The company, first known as Trinity Steel, was founded by C. J. Bender in Dallas in 1933. W. Ray Wallace, an engineering graduate of Louisiana Tech, worked for Dallas's Austin Bridge Company in 1944 before joining the company in 1946 as its seventeenth employee. At the time Trinity Steel manufactured butane tanks in a Dallas County mule barn. In 1958 Trinity Steel merged with Dallas Tank Company, which was also founded in 1933, and Ray Wallace became the new firm's president and first chief executive officer. At the time Trinity had revenues reaching $2.5 million and employed 200 workers. While some employees of the firm in other states eventually unionized, Texas workers never formed a union. For a time the company profited by producing larger tanks that enabled it to enter the petroleum business and do steel fabrication for refineries. In addition, to free up capital, it established an investment company to buy trucks and lease them back to the firm. Nonetheless, by 1957 Trinity faced competition and declines in the petroleum industry. Dallas Tank, Trinity Steel, and Bender-Wallace Development Company merged in 1958 to form Trinity Industries, Incorporated, and went public.

1970s

In 1970 Trinity diversified with the acquisition of 153 acres of land adjacent to the Dallas-Fort Worth International Airport and in 1971 established its first real estate subsidiary. Acquisition of Mosher Steel in 1973, after initially contracting work out to them, enhanced the company's structural business. Among projects completed by the firm's structural division were the Texas Stadium, New York's World Trade Center, the Balboa Bridge in Panama, the Pennzoil Building, and two buildings in Moscow. Although Trinity began fabricating railway tank car bodies as a subcontractor to Richmond Tank Car and Union Tank Car as early as 1966, in 1978 Trinity began producing complete tank and covered hopper rail cars in association with Quick Car of Fort Worth, Texas, which Trinity later absorbed.

1980s

By the 1980s two subsidiaries, Gamble's Incorporated of Alabama and Mosher Steel of Texas, manufactured structural products including materials for drilling platforms, highway bridge components, commercial-high-rise buildings, and other girders and beams. The firm's marine subsidiary, Equitable Shipyards, produced LASH or Lighter Aboard Ship barges, riverboats for use by Hilton Hotels, and other craft for industrial uses. Hackney, Incorporated, its metal components subsidiary, produced materials for piping systems. Trinity produced completed railcars, including tank cars, covered and open hoppers, and gondolas to transport chemicals, coal, structural steel and other commodities, at locations in Oklahoma City, Oklahoma, and Longview, Texas, and held two railcar leasing subsidiaries. The company also produced containers for fertilizer, liquified petroleum gas, and nuclear fuel and waste.
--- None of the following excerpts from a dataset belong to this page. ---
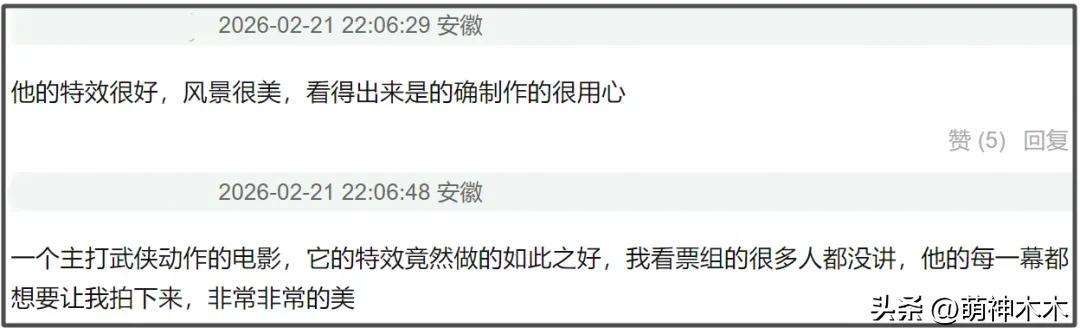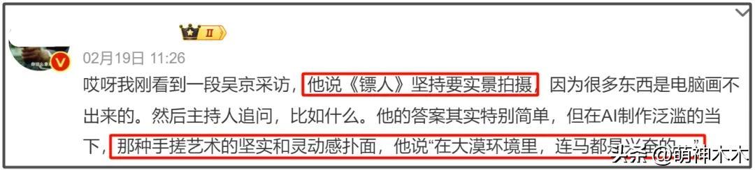 不少網友都誇讚《鏢人》的鏡頭美學,還以爲是特效。但吳京採訪的時候透露過,他堅持實景拍攝。雖然前期投入巨大,但從觀衆滿意度來看,吳京這錢花的也挺值。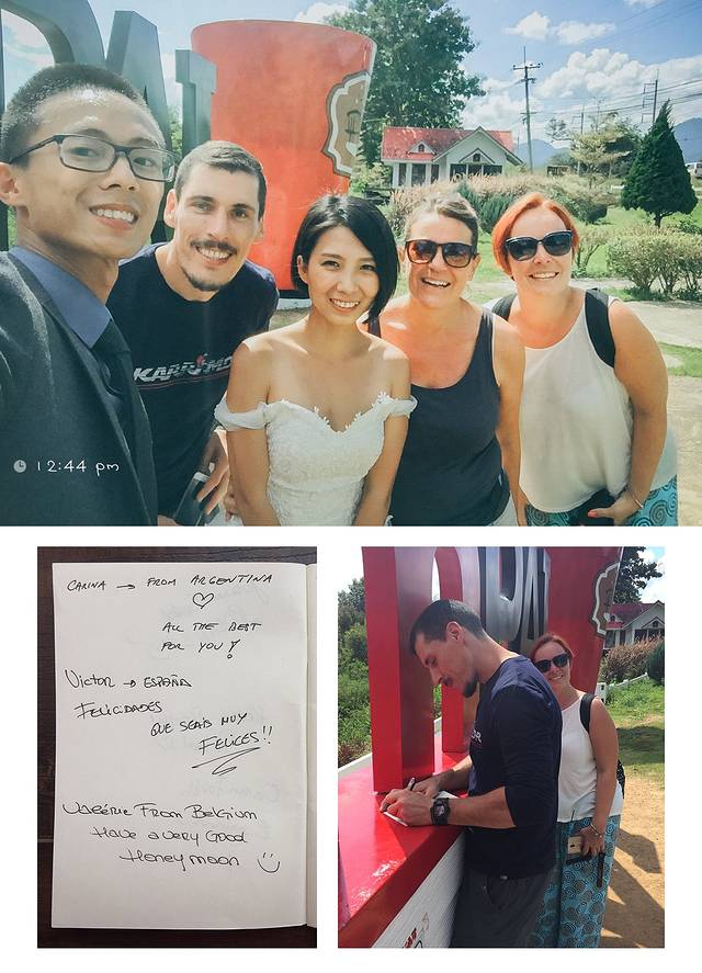 之前来Pai并没有这几个字,现在这应该算是PAI辨识度最高的地方了!这里游客很多,排队拍了很久,还帮别人拍了不少游客照。排到我们,给表嫂拍了几张单人的,又来了三个歪果仁,找他们帮忙,给他们看了我给表嫂拍的构图,告诉他们要站在那里,怎么取景对焦,一次完成,清晰准确曝光完美。我拿出手机要跟他们仨合影,他们激动的像200斤的胖子,这是他们写给我们的祝福,分别来自阿根廷、西班牙、比利时!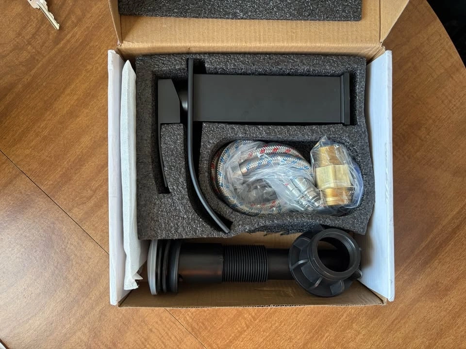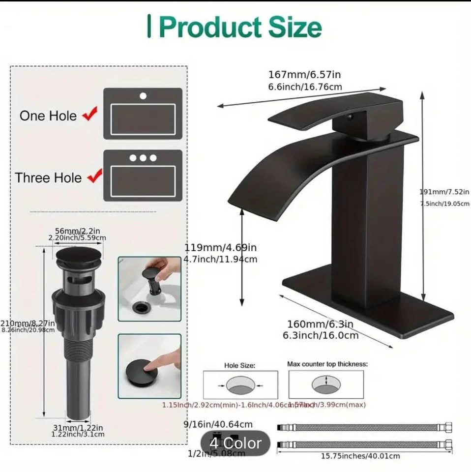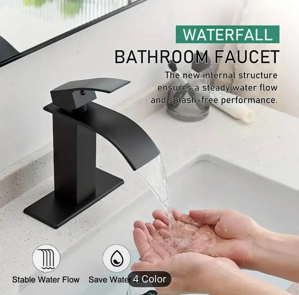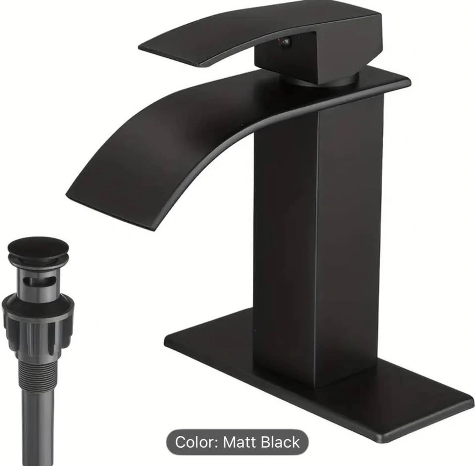Single handle bathroom sink faucet with a waterfall spout. Suitable for RV lavatories and vanities. Can be installed on sinks with one or three holes and comes with water supply lines. Finished in matte black.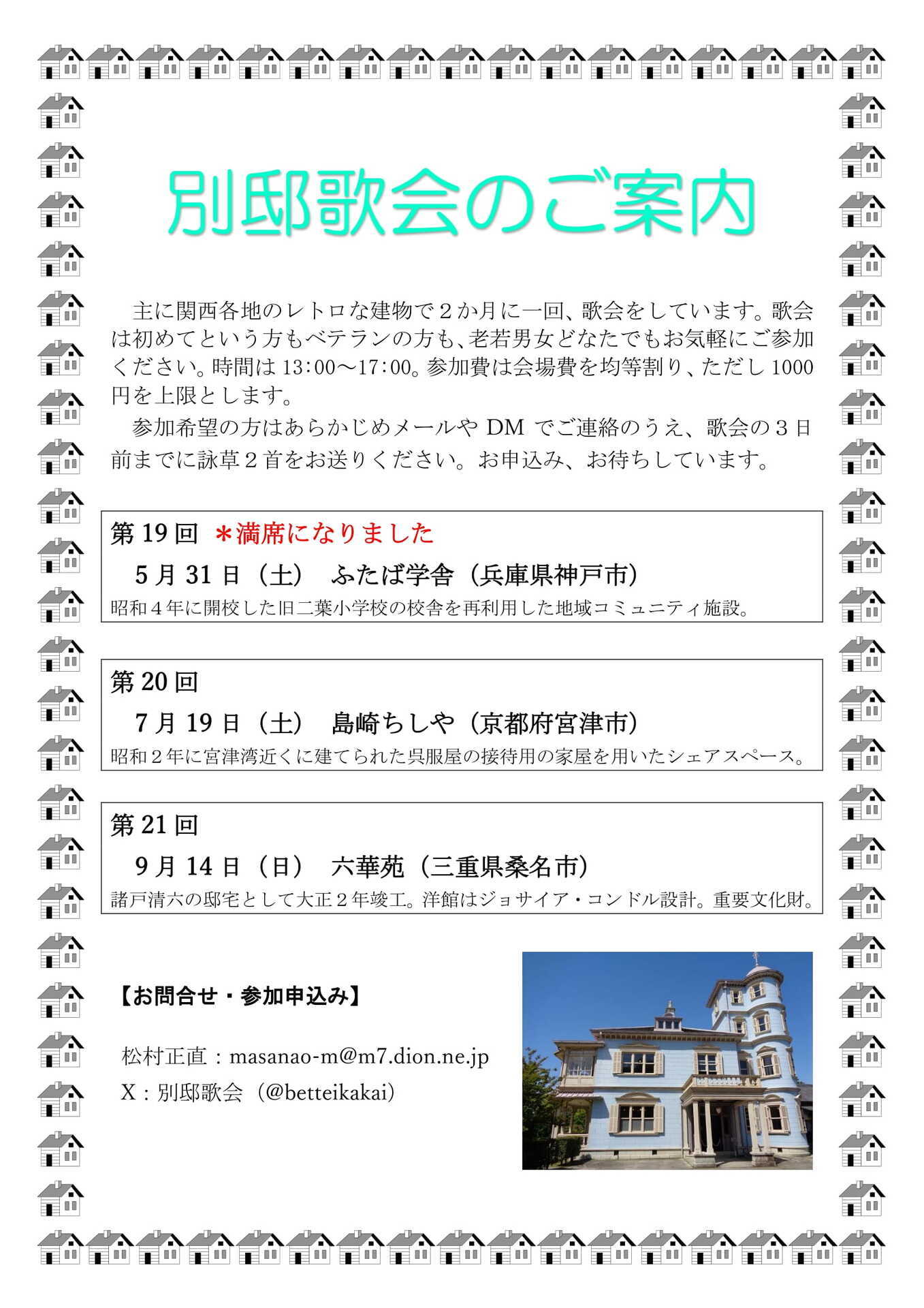 2か月に一回、主に関西各地のレトロな建物で歌会をしています。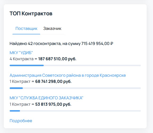 На госзакупках суммы куда внушительнее, за 2023 год у «Промстроя», как у подрядчика и субподрядчика, контрактов почти на два миллиарда рублей.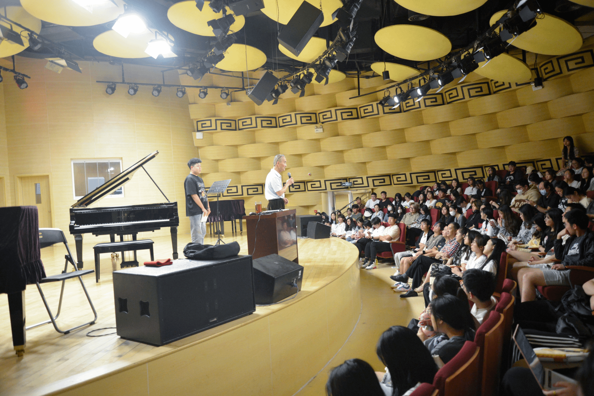 本次讲座在全体师生与倪林副教授合作的《我只在乎你》和《再回首》的歌声中结束,在钢琴伴奏下,所有人齐声歌唱,气氛热烈且动容。 最后杨曦婷副院长总结,很荣幸邀请到倪林副教授,他高要求、谦逊的精神非常值得我们学习,感谢他通过幽默风趣的语言,风格鲜明的演奏为我院师生带来一场高水平的钢琴伴奏作品的赏析讲座,为我院师生提高钢琴伴奏水平,培育良好的音乐素养提供了重要帮助和指导。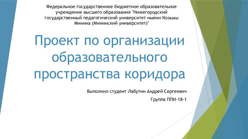 Выполнил студент Лабутин Андрей Сергеевич Группа ППИ-18-1 Федеральное государственное бюджетное образовательное учреждение высшего образования "Нижегородский государственный педагогический университет имени Козьмы Минина ( Мининский университет)"

In 1981 Trinity acquired a metal fabrication firm at Channelview, Texas, and Babcock & Wilcox plants in Elkhart, Indiana, and Koppel, Pennsylvania, and in 1983 it acquired Halter Marine. In 1984 Trinity absorbed Quick Car and acquired the railcar designs and production facilities of the Pullman-Standard Car Manufacturing Company, once the largest railcar manufacturer in North America. That same year Trinity also acquired the railcar designs of General American Transportation Corporation. In 1986 the rail car designs and production facilities of Greenville Steel Car Company were purchased, including the auto rack designs of Portec-Paragon. Also acquired in 1986 were the railcar designs of North American Car Corporation, and in 1987 Ortner Freight Car was acquired. These combined acquisitions made Trinity the largest rail car manufacturer in North America.

1990s

"In the 1990s expansion continued with the acquisition of the Transit Mix Concrete and Materials Company of Beaumont, Texas, Beiard Industries, Syro Steel and Stearns Airport Equipment of Fort Worth, Texas. By 1993 revenues exceeded $1.5 billion, and the firm employed 13,000 people." In 1998 Trinity acquired the Differential Steel Car Company , which designed and built specialty rail cars. That same year Trinity also opened a rail car production plant in Monclova, Mexico.

2001

In 2001 Trinity Industries acquired the designs and production facilities of Thrall Car Manufacturing Company, then North America's second largest producer of railroad freight cars.

2002-2003

Trinity consolidated its rail car building operations under the name Trinity Rail Group , and then shortened the name to TrinityRail.

June 2006

The company completed the sale of its weld pipe fittings business.

August 2006

The company sold its European Rail business to International Railway Systems S.A.

December 2006

During the year ended December 31, 2006, it made two acquisitions in the Construction Products Group.

April 2007

The company's subsidiary, Transit Mix Concrete & Materials Company, acquired a combined group of East Texas asphalt, ready mix concrete and aggregates businesses operating under the name Armor Materials.

November 2018

The company’s Energy Equipment Group - Trinity Containers - was spun off forming Arcosa Inc. .


Mission
Arcosa is dedicated to the growth and success of its people and customers. Our mission is to provide innovative and value-creating solutions that enable our customers to succeed in today’s competitive markets.

Vision
Our vision is to be the most trusted and respected infrastructure solutions supplier in the world.

Key Team

Mr. Reid S. Essl (Group Pres)

Mr. Kerry S. Cole (Group Pres)

Mr. Jesse E. Collins Jr. (Group Pres)

Ms. Mary E. Henderson (Chief Accounting Officer)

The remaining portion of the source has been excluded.